Yu Sheng, Zhai Di-Hua, Zhan Yufeng, Wang Wencai, Guan Yuyin, Xia Yuanqing
IEEE Trans Neural Netw Learn Syst. 2025 Jul;36(7):11902-11916. doi: 10.1109/TNNLS.2024.3442433.
The 6-D pose estimation is a critical work essential to achieve reliable robotic grasping. Currently, the prevalent method is reliant on keypoint correspondence. However, this approach hinges on the determination of object keypoint locations, alongside their detection and localization in real scenes. It also employs the random sample consensus (RANSAC)-based perspective-n-point (PnP) algorithm to solve the pose. Yet, it is nondifferentiable and incapable of backpropagation with loss during the training phase. Alternatively, the direct regression method, while speedy and differentiable, falls short in terms of pose estimation performance, and thus needs enhancement. In view of these gaps, we investigate PPM6D, a new method for 6-D object pose estimation based on regression and point pair matching. Our methodology begins with a proposed cross-fusion module, designed to achieve the fusion and complementation of RGB features and point cloud features. Subsequently, an attention module adjusts the features of the object's 3-D model. Finally, we design a point pair matching module for effective matching of points and characteristics, resulting in an integral matching and fusion. PPM6D is extensively trained and tested utilizing benchmark datasets like LINEMOD, occlusion LINEMOD (LINEMOD-occ), YCB-Video, and T-LESS dataset. Experimental results prove that PPM6D can outperform many keypoint-based pose estimation methods, given its relatively rapid speed, thereby offering novel regression-based pose estimation ideas. When applied to real-world scenarios of object pose estimation tasks and grasp tasks of an actual Baxter robot, PPM6D demonstrates superior performance as compared to most alternatives.

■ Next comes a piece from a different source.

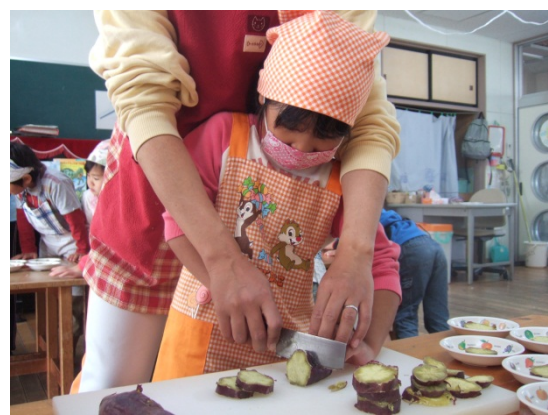
収穫体験したさつまいもを調理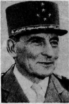
Generaal Jean de Lattre de Tassigny (2 feb. 1889 - 11 jan. 1952) werd in 1952 postuum tot maarschalk benoemd

ter sterkte van ongeveer 240.000 man, niet eens tegen.

6D位姿估计是实现可靠机器人抓取的一项关键工作。目前,普遍采用的方法依赖于关键点对应。然而,这种方法取决于物体关键点位置的确定,以及它们在真实场景中的检测和定位。它还采用基于随机样本一致性(RANSAC)的透视n点(PnP)算法来求解位姿。然而,它不可微,在训练阶段无法进行带损失的反向传播。另外,直接回归方法虽然速度快且可微,但在位姿估计性能方面存在不足,因此需要改进。鉴于这些差距,我们研究了PPM6D,一种基于回归和点对匹配的6D物体位姿估计新方法。我们的方法首先提出了一个交叉融合模块,旨在实现RGB特征和点云特征的融合与互补。随后,一个注意力模块调整物体3D模型的特征。最后,我们设计了一个点对匹配模块,用于有效地匹配点和特征,从而实现整体匹配和融合。PPM6D利用LINEMOD、遮挡LINEMOD(LINEMOD-occ)、YCB-Video和T-LESS数据集等基准数据集进行了广泛的训练和测试。实验结果证明,PPM6D速度相对较快,能够优于许多基于关键点的位姿估计方法,从而提供了基于回归的位姿估计新思路。当应用于物体位姿估计任务的实际场景以及实际Baxter机器人的抓取任务时,PPM6D与大多数其他方法相比表现出卓越的性能。